Peter H. Tanella
Legal Lingo columnist Peter H. Tanella chairs Mandelbaum Barrett’s National Veterinary Law Center. He earned his JD from Quinnipiac University School of Law and served as a deputy attorney general with the New Jersey Office of the Attorney General’s Division of Law, where he was general counsel to numerous state agencies. He has advised hundreds of veterinarians on practice acquisitions, sales, mergers, partnerships, joint ventures and associate buy-ins, the structuring of management service organizations, and the development of practice succession strategies. He may be emailed at email@example.comRead Articles Written by Peter H. Tanella
Companies nationwide, including many veterinary practices, relied on emergency financial assistance to stay afloat during the COVID-19 pandemic. Today, however, enforcement action by the U.S. Justice Department in the case of Paycheck Protection Program loans to businesses highlights the importance of conducting due diligence when entering into the sale of a veterinary hospital.
A Brief History
In 2020, the Coronavirus Aid, Relief and Economic Security Act was enacted to provide emergency financial assistance to businesses impacted by the pandemic. One aspect of the CARES Act was the Small Business Association’s Paycheck Protection Program, which aided eligible companies in the form of forgivable loans for payroll and other specified expenses. Qualified businesses could receive PPP loans of up to 2½ times their average monthly payroll and a maximum of $10 million. In addition, the second round of PPP funding granted eligible businesses as much as $2 million more.
Both PPP rounds carried interest rates of 1% and required no collateral or personal guarantees. Borrowers were eligible for complete loan forgiveness if specific criteria were satisfied within eight to 24 weeks after the loan’s disbursement.
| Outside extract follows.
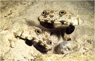 Gobies (Signigobius biocellatus) are observed to share the same burrow on

The criteria included:
- Spending at least 60% of the proceeds on payroll costs.
- Using all the proceeds for payroll or other eligible expenses.
- Maintaining employee and compensation levels.
Fighting Loan Fraud
Despite the government fully or partially forgiving an overwhelming majority of PPP loans, the Small Business Association continues to identify loans fraudulently obtained or improperly forgiven based on misrepresentations or omissions of fact.
While concerns about potential fraud were present from the start, the SBA identified internal oversight failures. In response, a federal law passed in 2022 established a 10-year statute of limitations for criminal and civil enforcement against borrowers who engaged in PPP loan fraud. Shortly after, the Justice Department created strike-force teams dedicated to investigating and prosecuting fraud involving COVID-19 relief funds.
The federal government has several legal tools when prosecuting PPP loan fraud, including the False Claims Act, which imposes liability on people and companies defrauding government programs.
In addition to the crackdown, the IRS issued guidance on the repercussions involving improperly forgiven PPP loans. The agency advised that when a loan to a taxpayer is forgiven based on misrepresentations or omissions, the taxpayer cannot exclude the improperly forgiven amount from income and must pay taxes on it.
The Effect on Veterinary Transactions
When two parties engage in a post-pandemic veterinary practice transaction, due diligence should reveal whether the owner received PPP loans or other pandemic relief. However, the buyers and sellers often dismiss any concerns when they see proof that the loans were forgiven. Often, the “proof” is a simple email from the Small Business Association rather than a formal letter or document from the lending bank.
Practice buyers should be aware that PPP loan audits are ongoing. If a future audit determines that loans were improperly forgiven, the financial impact on the buyer can be devastating. On the other hand, sellers should understand that they might be held responsible should issues arise.
Tips for Both Sides
Hospital buyers and sellers should answer these questions:
- Was the seller eligible for the PPP loans applied for and received?
- Does the seller have adequate proof of PPP loan forgiveness?
- Was the seller the subject of an audit or investigation related to PPP loans? Is the seller now the subject of one?
- Did the seller make appropriate representations and warranties regarding the PPP loans?
- Have you reviewed all PPP loan applications to identify any misrepresentations or omissions?
- Did you satisfy all the conditions for PPP loan forgiveness?
- Did you receive documentation from the lending bank confirming PPP loan forgiveness or repayment?
- What representations and warranties did you make to the buyer?
- Did you indemnify the buyer from future PPP loan enforcement actions?
PPP loans and other relief funds were critical in allowing veterinary practices to stay open and treat patients during difficult times. While many businesses are eager to put the pandemic in the past, PPP loans cannot be overlooked when a practice changes ownership. By conducting thorough due diligence, buyers and sellers can ensure that government audits and legal enforcement won’t come back to haunt them.